Christian Human Rights organizations are justly praising British foreign secretary David Miliband for condemning the Iranian Parliament for their draft apostasy bill:

[W]e deplore the way in which the Iranian Parliament is also now discussing a draft penal code that would set out a mandatory death sentence for the “crime,” of apostasy. If adopted, that would violate the right of freedom of religion, which is also an important basis of any civilized society.

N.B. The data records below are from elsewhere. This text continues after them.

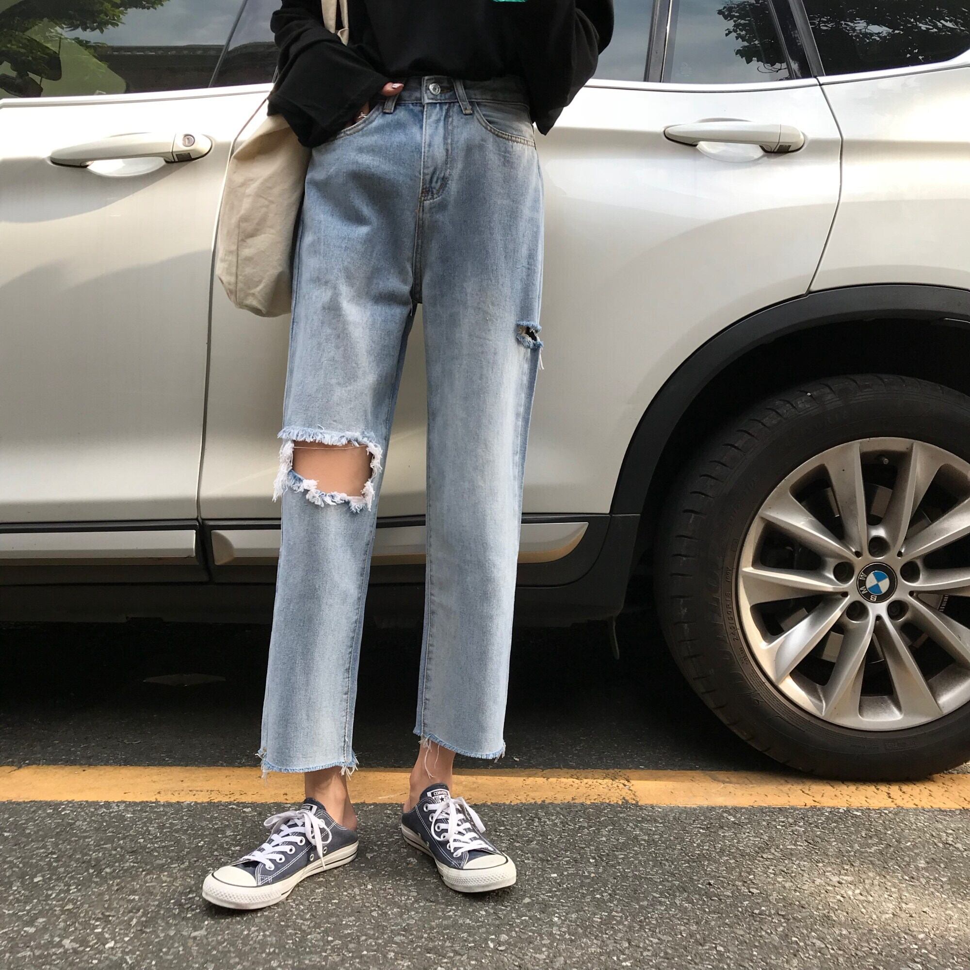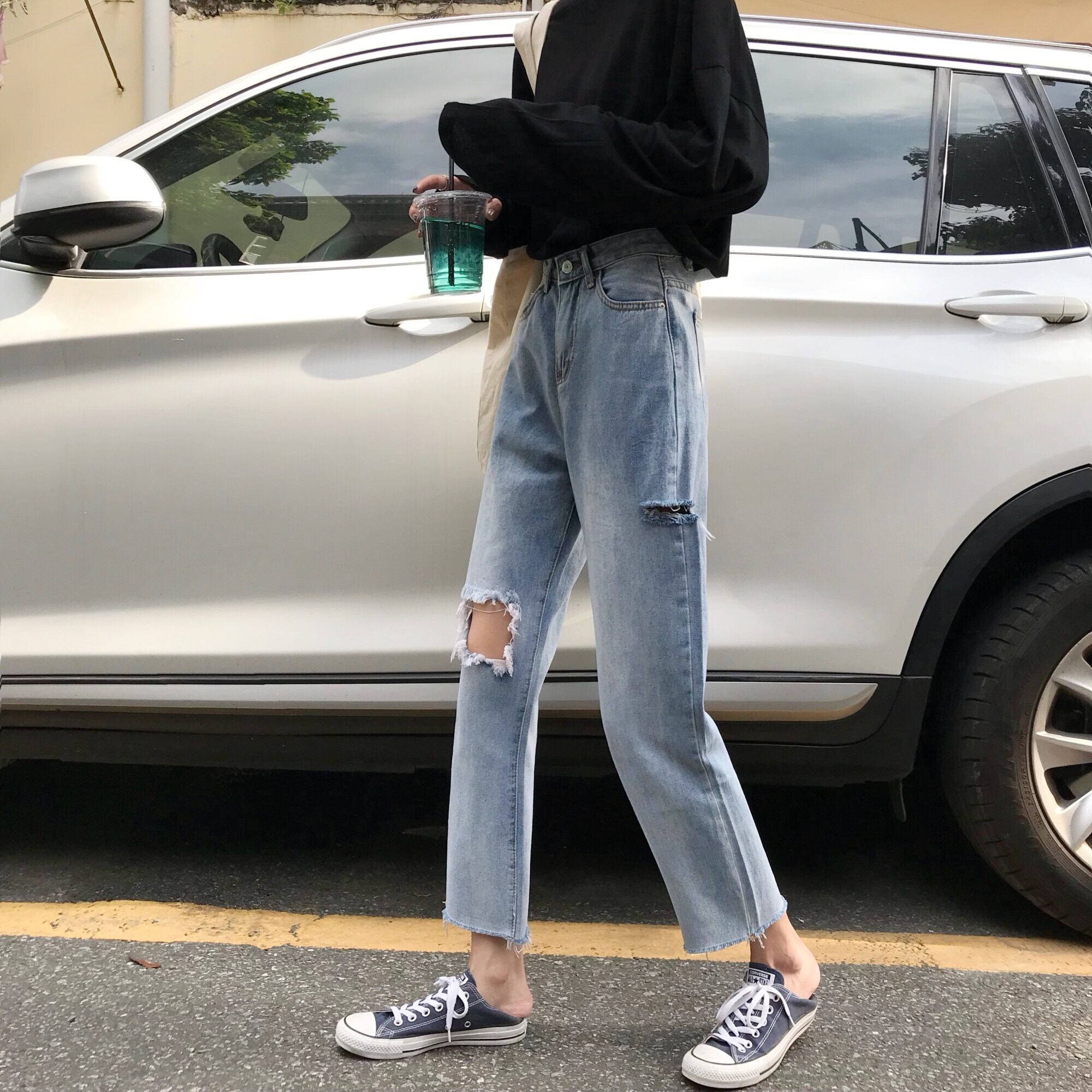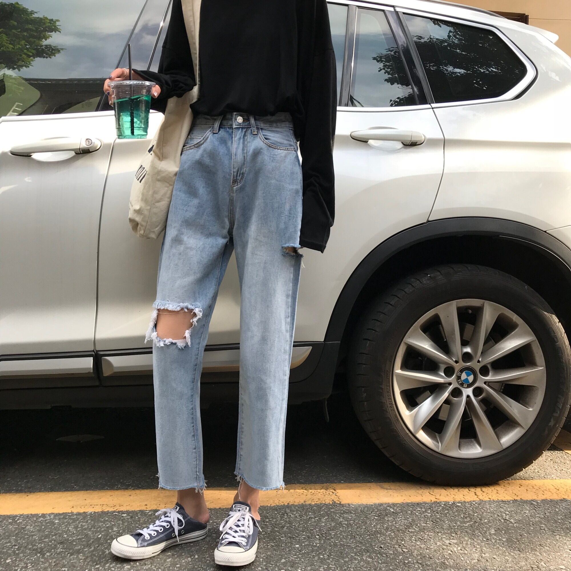 スプリングスタイルルーズスタンダードジーンズ ハイウェストウェストワイドレッグパンツ クロップド レトロ 春物 ワイドパンツ 1号婦人74707183610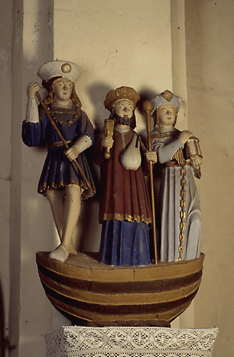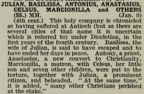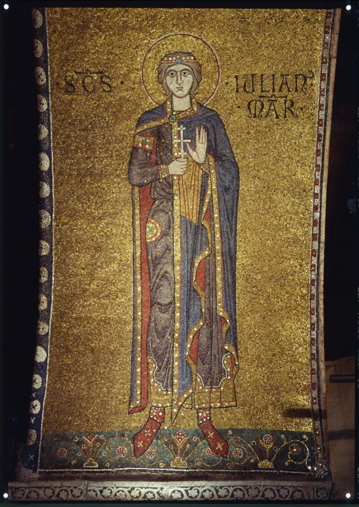 – San Marco in Venice: Nave, west arm, north aisle, pier 2 (zone 2): (13c.) Julian, name inscribed S(AN)C(TU)S IULIAN(US) MAR(TYR). wearing cap, and Basilissa, name inscribed S(AN)C(T)A BASILISSA EIUX (EIUS UXOR), crowned, both of Antioch, each holding cross with double traverse, (13c.) (above)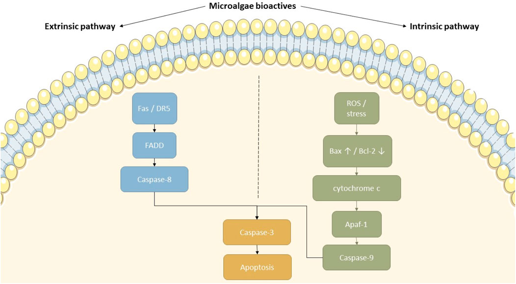 Consequently, there is an increasing demand for new therapeutic approaches that can selectively target apoptotic pathways within cancer cells while minimizing harm to healthy tissues. In the current framework, microalgae have appeared as promising natural sources of therapeutic agents. Microalgae are unicellular, photosynthetic microorganisms found in freshwater and marine environments, classified primarily into groups such as Chlorophyta (green algae), Bacillariophyta (diatoms), Cyanobacteria (blue–green algae), and others. They produce diverse secondary metabolites with ecological and pharmacological significance (Morais Junior et al., 2020). These photosynthetic microorganisms synthesize a wide range of bioactive metabolites, like polysaccharides, carotenoids, and polyphenols, many of which have demonstrated anticancer properties via the modulation of main molecular pathways, including apoptosis (Matin et al., 2024). Notably, bioactive compounds from microalgae have demonstrated pro-apoptotic effects in various cancer types, including breast, lung, liver, cervical, and leukemia models (Roshan Cheragh and Mabudi, 2023; Sawasdee et al., 2023; Hamai-Amara et al., 2024; Silva et al., 2024; Al-Shajrawi et al., 2025). Microalgae, including cyanobacteria such as Arthrospira platensis Gomont (Oscillatoriaceae) (commonly known as spirulina), are diverse photosynthetic microorganisms that have gained significant consideration as promising sources of bioactive complexes with important anticancer impacts. These compounds include carotenoids, polyphenols, lipids, and polysaccharides, which have been shown to influence various molecular pathways involved in apoptosis (Saide et al., 2021; Martínez-Ruiz et al., 2022). Microalgae-derived bioactive compounds are particularly appealing because they can modulate both intrinsic and extrinsic apoptotic molecular pathways, which are critical in the selective elimination of different cancer cells while sparing normal cells (Bouyahya et al., 2024; Talero et al., 2015). Additionally, microalgae-based compounds have demonstrated the ability to improve the effectiveness of conservative therapies by overcoming mechanisms like multidrug resistance, which often hampers the success of cancer treatments (Bouyahya et al., 2024; Ahirwar et al., 2022). Also, microalgae have therapeutic potential effects against mitochondrial dysfunction, oxidative stress, inflammation, and neuronal cell death, key pathogenic features of neurodegeneration (Shah et al., 2016). Microalgae produce a diverse array of metabolites, including polyunsaturated fatty acids (PUFAs), carotenoids, peptides, and polysaccharides, many of which exhibit neuroprotective effects by controlling apoptosis and enhancing neuroplasticity (Rosic, 2025). For instance, fucoxanthin (FX) from Phaeodactylum tricornutum Bohlin (Phaeodactylaceae) has shown the ability to visualize amyloid-beta (Aβ) plaques and potentially inhibit aggregation in Alzheimer’s models (Lee et al., 2021). Similarly, extracts from Desmodesmus have demonstrated antioxidant and anti-apoptotic effects in PD models by modulating mitochondrial function, reducing reactive oxygen species (ROS), and upregulating neuroprotective pathways (Derya-Andeden et al., 2025). These findings suggest that microalgal bioactives may simultaneously regulate apoptotic pathways and promote neural regeneration, offering a dual-action approach for neurodegenerative disease therapy.

Miliband was responding to questions in the House of Commons. Moments before that, however, he responded to this lovely question:

Sir Gerald Kaufman: Would my right hon. Friend, on behalf of Her Majesty’s Government, make it clear that an attack on Iran by Israel would trigger off uncontrollable, convulsive and irreversible consequences that would damage not only the region, but the entire global system, and that such an attack must not take place? It would be an attack on one of the nastiest regimes in the world by another of the nastiest regimes in the world.

David Miliband: I do have genuinely huge respect for my right hon. Friend, but I cannot associate myself with that last sentence which he uttered.

Miliband then went on about the importance of diplomacy and economic incentives in dealing with Iran. British reserve, and all that, I suppose. Too bad. Miliband missed an opportunity to swing away at the idiotic moral equivalence assumed by the questioner.

Leave aside, for a moment, the lunacy of President Ahmadinijad. Iran’s parliament is seriously considering a law that would require the execution of apostates—those who convert to another religion from Islam—and this guy thinks Israel is just as nasty as Iran.

The rot in British culture and politics is deep indeed.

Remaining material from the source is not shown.